__Instructions for the task__. Please transcribe the data below exactly. Leave the pictures out.

__Data block__.
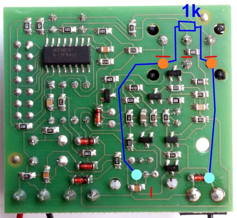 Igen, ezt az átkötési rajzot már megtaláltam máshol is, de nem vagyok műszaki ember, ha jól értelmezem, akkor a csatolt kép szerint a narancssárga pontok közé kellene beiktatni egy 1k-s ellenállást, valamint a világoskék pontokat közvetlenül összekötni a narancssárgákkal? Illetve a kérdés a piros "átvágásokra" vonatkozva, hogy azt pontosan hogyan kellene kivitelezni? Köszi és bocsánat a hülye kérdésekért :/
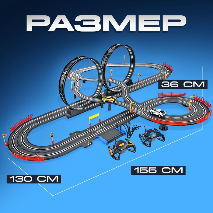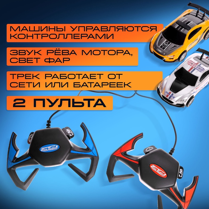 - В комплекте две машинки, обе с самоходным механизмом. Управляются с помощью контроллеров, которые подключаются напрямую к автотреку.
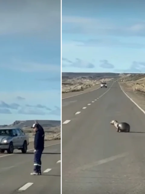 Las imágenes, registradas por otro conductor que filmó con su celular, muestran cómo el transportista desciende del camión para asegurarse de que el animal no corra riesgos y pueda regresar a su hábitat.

__Solution for this exercise__.
 Igen, ezt az átkötési rajzot már megtaláltam máshol is, de nem vagyok műszaki ember, ha jól értelmezem, akkor a csatolt kép szerint a narancssárga pontok közé kellene beiktatni egy 1k-s ellenállást, valamint a világoskék pontokat közvetlenül összekötni a narancssárgákkal? Illetve a kérdés a piros "átvágásokra" vonatkozva, hogy azt pontosan hogyan kellene kivitelezni? Köszi és bocsánat a hülye kérdésekért :/
 - В комплекте две машинки, обе с самоходным механизмом. Управляются с помощью контроллеров, которые подключаются напрямую к автотреку.
 Las imágenes, registradas por otro conductor que filmó con su celular, muestran cómo el transportista desciende del camión para asegurarse de que el animal no corra riesgos y pueda regresar a su hábitat.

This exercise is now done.